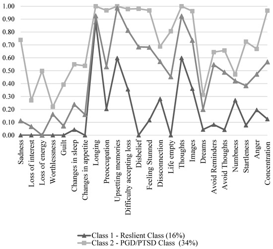 The fit indices for the latent class profiles are listed in Table 3. Based on the goodness-of-fit indices, three class solutions appeared adequate with a better fit and interpretability, and were therefore retained. We considered a value of >0.60 as a high probability of symptom endorsement [19,37]. The three-class model revealed one resilient class (class 1; 16% of the sample), one class with a higher probability for some symptoms of PGD and intrusion symptoms of PTSD (class 2; 50% sample), and one class with prominent symptoms of PGD and PTSD (class 3; 34% of the sample). The distinct symptom occurrences are presented in Figure 2.
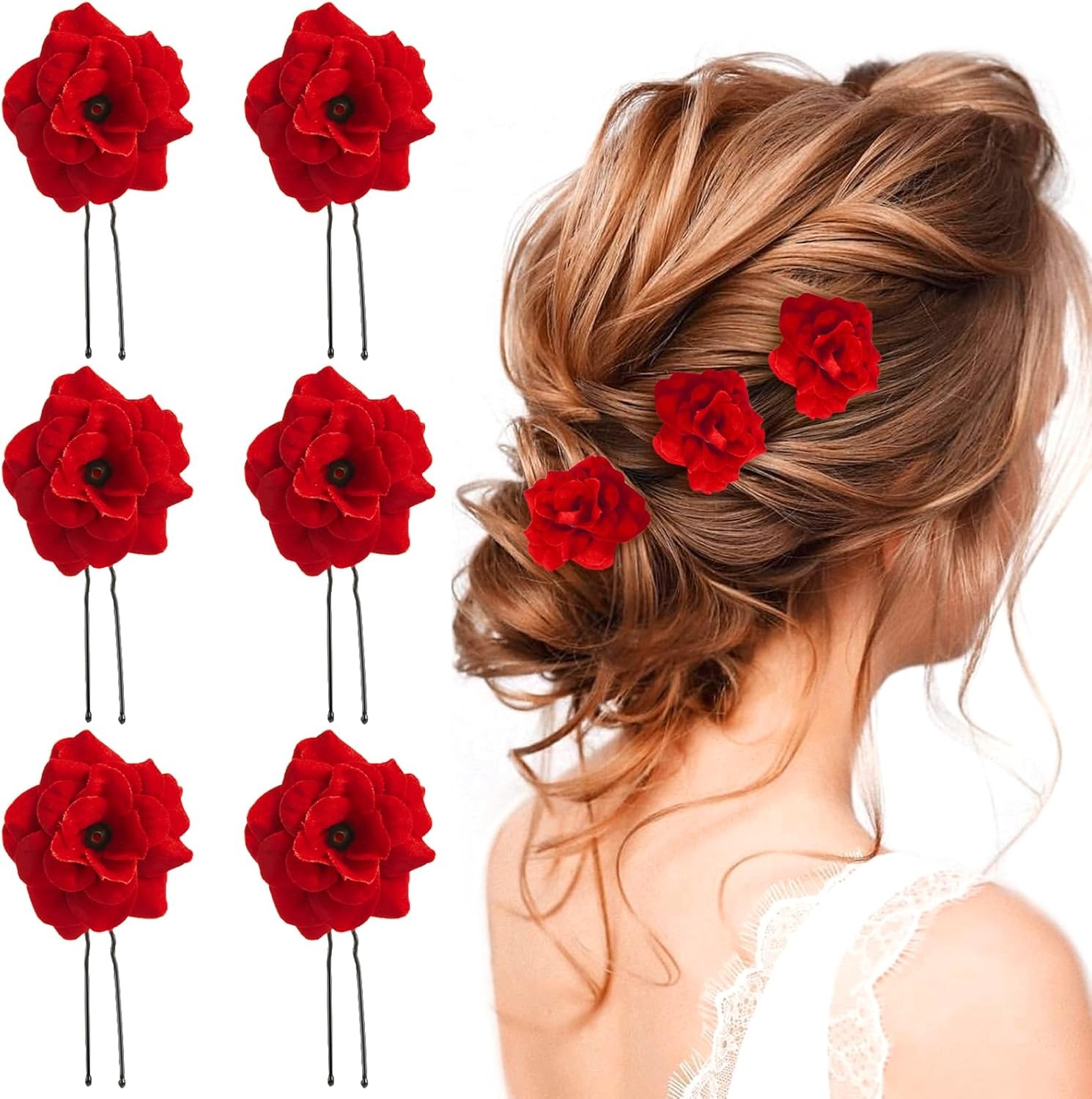 Rose Flower Hair Clips U Shape Rose Floral Bobby Pins Bridal Hair Pin Bridesmaids Head Hairpin Women Hair Accessories for Bridal Wedding Party (Red, 6pc)
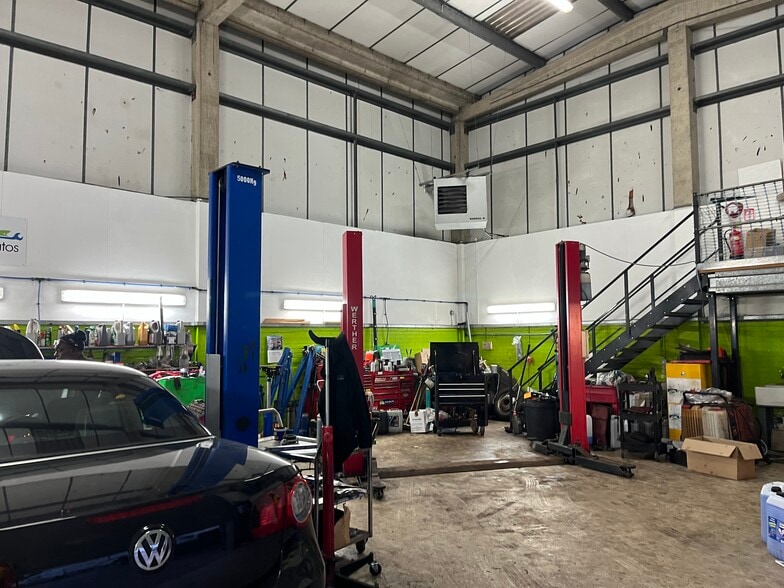 Industrial unit with roller shutter door, which includes a 127 sq ft / 11.9 sq m mezzanine. Previously used as a vehicle repair workshop. Secure yard/car parking, totaling 3,924 sq ft / 364.5 sq m.
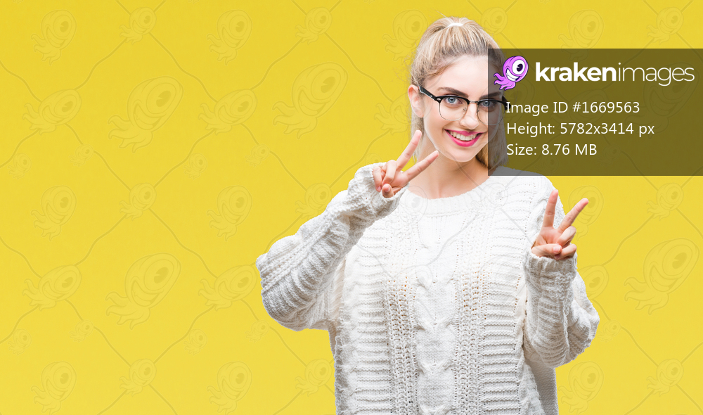 Young beautiful blonde woman wearing glasses over isolated background smiling looking to the camera showing fingers doing victory sign. Number two.
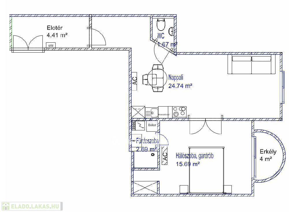 Egy nappalival, egy hálószobával, fürdőszobával, gardrób szovábal és külön wc-vel került kialakításra.

▶ [Exercise details] All lines from the one holding "Rose Flower Hair" through the last line of the material above should be set down exactly, and the pictures should be left out.

▶ [Exercise response]
 Rose Flower Hair Clips U Shape Rose Floral Bobby Pins Bridal Hair Pin Bridesmaids Head Hairpin Women Hair Accessories for Bridal Wedding Party (Red, 6pc)
 Industrial unit with roller shutter door, which includes a 127 sq ft / 11.9 sq m mezzanine. Previously used as a vehicle repair workshop. Secure yard/car parking, totaling 3,924 sq ft / 364.5 sq m.
 Young beautiful blonde woman wearing glasses over isolated background smiling looking to the camera showing fingers doing victory sign. Number two.
 Egy nappalival, egy hálószobával, fürdőszobával, gardrób szovábal és külön wc-vel került kialakításra.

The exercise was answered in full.